- **EXERCISE DESCRIPTION**: Copy every line of the data below exactly as given, except for the pictures.

- **DATA EXTRACT**:
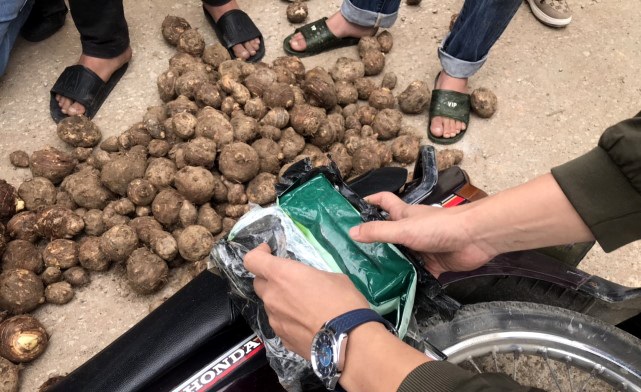 Số ma túy được ngụy trang trong bì tải đựng khoai sọ.
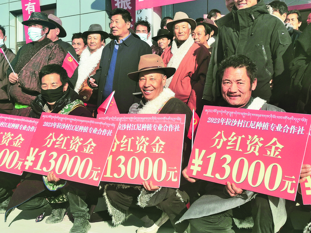 這是拉沙村江尼種植專業(yè)合作社的第三次分紅,也是分紅金額最大的一次。與村民一起將煙花爆竹放置在院落四周,村黨支部書記旦增尖措臉上寫滿了喜悅:“今天我們村又迎來(lái)了集體產(chǎn)業(yè)分紅,這次分紅84.5萬(wàn)元,社員平均1.3萬(wàn)元,大家切切實(shí)實(shí)享受了好政策帶來(lái)的紅利。”
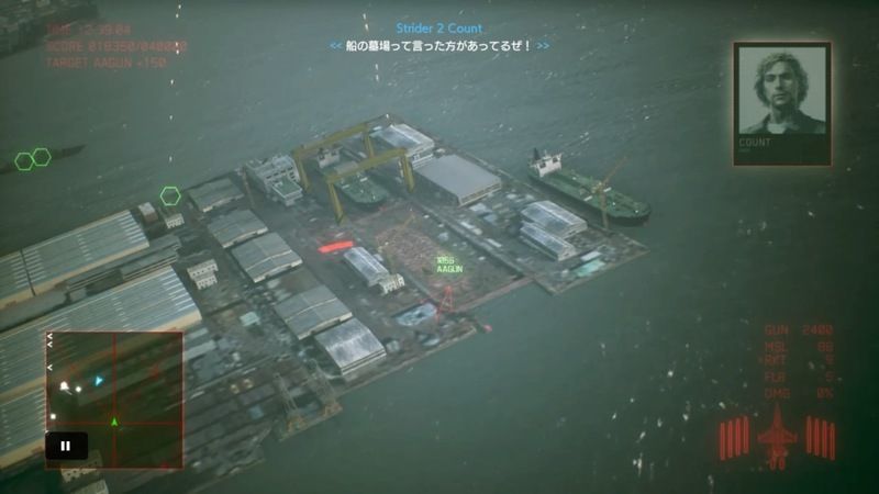 高ポイント目標が多いのと補給を得やすいのでスコア自体は稼ぎやすいミッションとなっている……が、主に敵艦とイージスアショアによるキャンペーンとはまるで別物のような凄まじい弾幕が待ち構えているのでボーッと飛んでるとがりがり耐久値が削られていく。PLSLや爆弾系で出撃するなら自動消火装置を装備していると心強い。対艦ミサイルは射程ギリギリから撃つよう心がけよう。

- **SOLUTION FOR THIS EXERCISE**:
 Số ma túy được ngụy trang trong bì tải đựng khoai sọ.
 這是拉沙村江尼種植專業(yè)合作社的第三次分紅,也是分紅金額最大的一次。與村民一起將煙花爆竹放置在院落四周,村黨支部書記旦增尖措臉上寫滿了喜悅:“今天我們村又迎來(lái)了集體產(chǎn)業(yè)分紅,這次分紅84.5萬(wàn)元,社員平均1.3萬(wàn)元,大家切切實(shí)實(shí)享受了好政策帶來(lái)的紅利。”
 高ポイント目標が多いのと補給を得やすいのでスコア自体は稼ぎやすいミッションとなっている……が、主に敵艦とイージスアショアによるキャンペーンとはまるで別物のような凄まじい弾幕が待ち構えているのでボーッと飛んでるとがりがり耐久値が削られていく。PLSLや爆弾系で出撃するなら自動消火装置を装備していると心強い。対艦ミサイルは射程ギリギリから撃つよう心がけよう。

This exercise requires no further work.